The Yankees haven’t made this easy on themselves, but just like at the end of the regular season, they’ve checked another goal off the list.
Back in the American League Championship Series with home-field advantage, the Yankees are still trying to get hot at the right time. Their pitching was terrific in the division series, but their offense was stunningly absent, and the Tigers — with their strong rotation and powerful lineup — seem to present a greater challenge than the upstart Orioles.
There are still questions to be answered as the Yankees try to take their final steps back to the World Series.
What’s the Yankees rotation?
Amazing that we don’t know this right now, but the unusual schedule — with no off day between the division series and the ALCS — leaves significant uncertainty in the rotation.
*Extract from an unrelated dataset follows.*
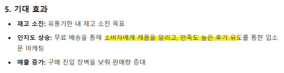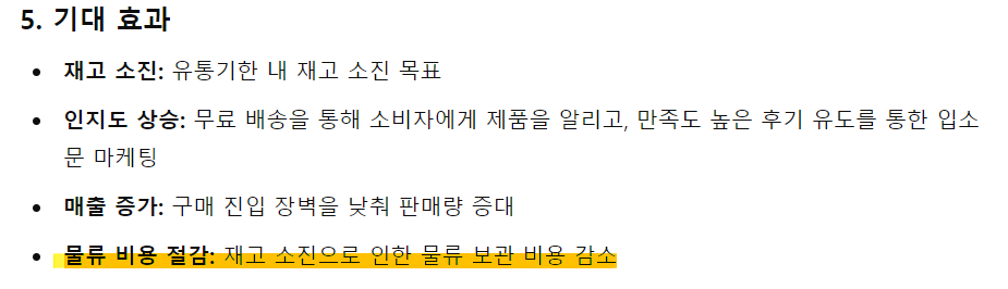 - 목적 : 후기를 발생시키고 바이럴의 목적 보다. 물류 보관비용이 계속 올라가니 빠른 현금화가 필요.

Andy Pettitte will pitch Game 1, but the Yankees have a tough choice for Game 2. Hiroki Kuroda on short rest? The rookie David Phelps? Derek Lowe’s first start in pinstripes? Activating Ivan Nova or Freddy Garcia? Beyond that, should CC Sabathia pitch Game 3 on short rest? Should Phil Hughes or Pettitte start Game 5? The Tigers have settled on their rotation — Fister, Sanchez, Verlander, Scherzer — but the Yankees is very much up in the air.
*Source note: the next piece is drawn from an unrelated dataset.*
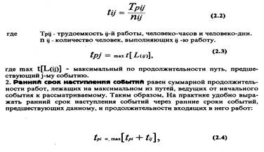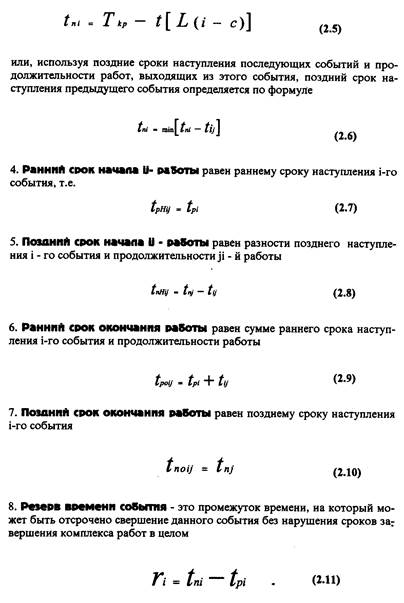 Расчет временных параметров сетевого графика производится в соответствии со следующими формулами.

How often will Alex Rodriguez play?
One thing to notice about that Tigers rotation: All four starters are right-handed. Last night, Rodriguez was benched against a right-handed starter, and Joe Girardi was quick to point out that Eric Chavez is part of the reason the Yankees got to this point too. It’s hard to imagine that Rodriguez would be a bench player through the entire ALCS, but there’s certainly no guarantee that he’ll start every game either. Furthermore, do the Yankees need both Jayson Nix and Eduardo Nunez if they don’t need Nunez to DH against lefties?
When will the offense come to life?
Impossible to say right now. Three runs last night certainly wasn’t enough to say the slumping lineup is out of the woods, and the Tigers’ staff pitched well in their division series against Oakland. The Yankees pitchers carried this team past Baltimore, but the Tigers offense is dangerous with Austin Jackson at the top and Miguel Cabrera and Prince Fielder in the middle. The Yankees are going to need to score in this series, and that means guys like Curtis Granderson, Robinson Cano and Nick Swisher turning things around. Doug Fister has given the Yankees trouble in the past, so things won’t be easy in the opener.
Is this when Rafael Soriano will tested?
Soriano did his part in the division series, but he still hasn’t had his Mariano Rivera moment in postseason. It seems inevitable that the Yankees will have to protect a one- or two-run lead in ninth inning of one of these games. Soriano handled those situations brilliantly in the regular season, but this is the time of year when Rivera seemed to bring the most comfort. Soriano needs to live up to that standard. It’s worth noting that, on the other side, Tigers closer Jose Valverde isn’t exactly a pillar of stability.
Will Austin Jackson haunt the Yankees?
Last October, Granderson was coming off his breakout, MVP-candidate season and Jackson was coming off a disappointing second year in the big leagues. This time around, Granderson has become a frustrating all-or-nothing hitter and Jackson has become of the elite leadoff hitters in the league. These two were traded for another three years ago, and the comparisons are inevitable. If Granderson struggles again, and Jackson is a difference maker, the what-if questions are going to be deafening.
Can the Yankees avenge last year’s playoff loss?
Hard to forget last year’s division series. The Yankees never found any consistency and lost three close games, including a 3-2 loss in Game 5 that ended their season. It was these very same Tigers that beat them. “We get to get our revenge,” Russell Martin said. “I’m excited for that.” They certainly have the opportunity. Continuing an on-going theme this season, the key is for the Yankees to actually take advantage.